Cloning and recombinant production of patient-derived monoclonal autoantibodies

Autoantibodies targeting a variety of neuronal surface proteins have recently been discovered in a multitude of neurological disorders and continuously define novel autoimmune entities such as NMDA-receptor encephalitis. However, first characterizations of these antibodies were limited to experiments that used bio-samples containing disease-specific but also further antibodies that were present in these patients. Thereby, these studies could not link the observed effects directly to single antibodies. To overcome that limitation and allow the characterization of functional effects for each antibody individually, we have developed a methodology to isolate single (monoclonal) antibodies from patients’ cerebrospinal fluid (Figure). This core technology uses optimized molecular biological techniques together with custom bioinformatic analytics to encode genetic information from large sets of antibody-producing immune cells to then separately reassemble single antibodies in theoretical unlimited amounts. Using this approach, we have successfully isolated disease-defining monoclonal antibodies in multiple forms of autoimmune encephalitis (such as NMDAR, LGI1, Caspr2, IgLON5, mGluRs) and provided proof of their pathogenicity using in vitro and in vivo assays. Besides studying their biological functions, each of these recombinant antibodies can also be used as a tool in scientific applications (e.g., high-resolution microscopy), for optimization of antibody diagnostics or as a starting point for novel antibody-depleting therapies.

In the face of the COVID-19 pandemic, we used the potential of our pipeline to generate SARS-CoV-2 neutralizing monoclonal antibodies to support the global efforts to understand the immune response against the novel coronavirus.

Identifying disease mechanisms of human autoantibodies

Autoantibodies targeting neuronal antigens are one of the diagnostic hallmarks of autoimmune encephalitis. Disease phenotype and severity depend on the underlying antigen. To understand whether such autoantibodies are directly pathogenic and cause disease, our research group uses patient-derived monoclonal antibodies in different in vitro and in vivo models.

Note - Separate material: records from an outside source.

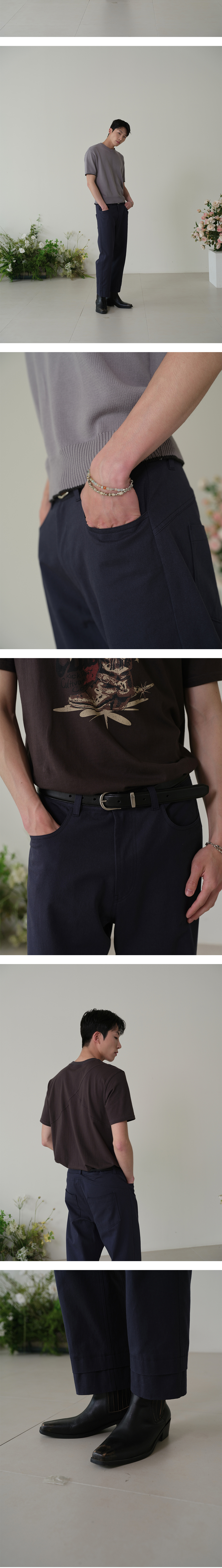 - 16수 고밀도 트윌 코튼 패브릭 - 바이오워싱 처리 되어 오랜 사용에도 자연스러운 에이징이 가능한 코튼 패브릭 원단 - 크롭한 기장감 - YKK ZIPPER - 후면부 웨이비니스 시그니처 디테일 - 웨이비니스 로고 각인 단추 - 스트레이트하게 떨어지는 팬츠 실루엣 - 밑단 더블 레이어드 마감 - Color Beige / Navy / Graphite - Outshell Cotton 100% SIZE 1 : 허리 39 허벅지 31 밑단 22 밑위 29 총장 94 2 : 허리 41 허벅지 32 밑단 22.5 밑위 30 총장 95 3 : 허리 43 허벅지 33 밑단 23 밑위 31 총장 96 MODEL 183cm 66kg 3SIZE 착용 186cm 68kg 3SIZE 착용 184cm 63kg 3SIZE 착용
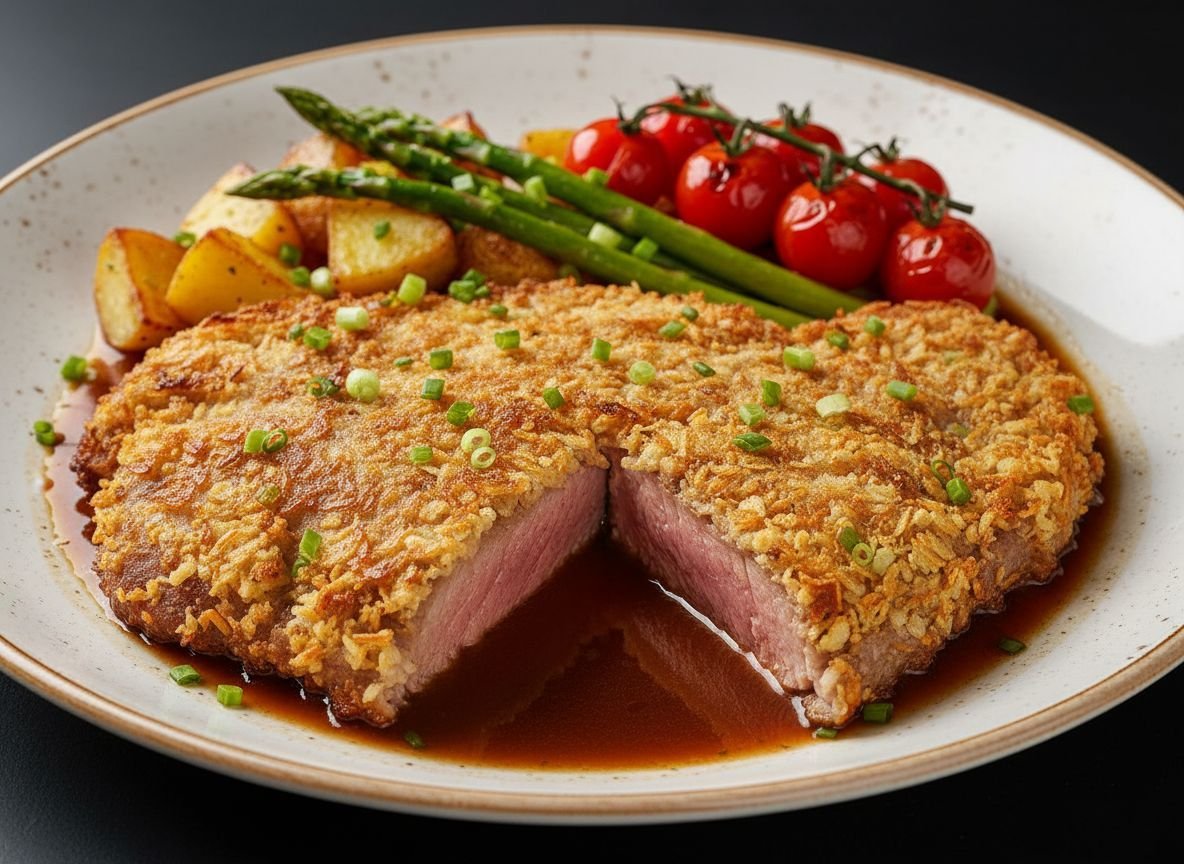 Одновременно с приготовлением картофеля, в отдельной кастрюльке отварите спаржу. Подавайте стейки с картофелем и спаржей, украсив измельчённой зеленью — розмарином и луком.
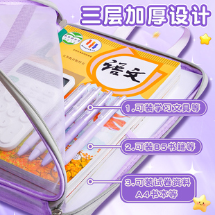 小学生初中生专用手提书袋高中生试卷资料书本作业袋子档案科目分类袋 双层大容量A4透明网纱文件收纳袋拉链式
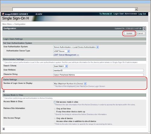 Selezionare il numero di nomi utente da visualizzare da [Number of Login Users to Display] → fare clic su [Update].

Using primary neurons, transfected cells and rodent brain slices, we study the molecular interaction between autoantibodies and their target antigens (Figure A). The specific binding region of the recombinant human autoantibodies can be determined using epitope mapping, where human cell lines are transfected with different target domains (B). Moreover, application of autoantibodies to neuronal cultures provides insight into the effector mechanisms in disease pathogenesis (C).

Autoantibody pathogenicity can be further characterized in vivo, for instance, through intrathecal (cerebroventricular) delivery of antibodies using osmotic pumps (D). Autoantibodies infused into the CNS target their cognate antigen and can reproduce certain clinical features observed in the human disease. Animal MR imaging and behavioral tests allow quantification of the clinical phenotype. Taking brain slices of treated animals, electrophysiology measurements can help to understand how autoantibody-driven alterations of synaptic currents disturb neuronal function (E). Finally, using flow cytometry, western blot and ELISA, analysis of cells and brain proteins provides mechanistic understand of antibody-mediated down-regulation of CNS proteins.

CAAR T-cells (Chimeric autoantibody receptor T cells)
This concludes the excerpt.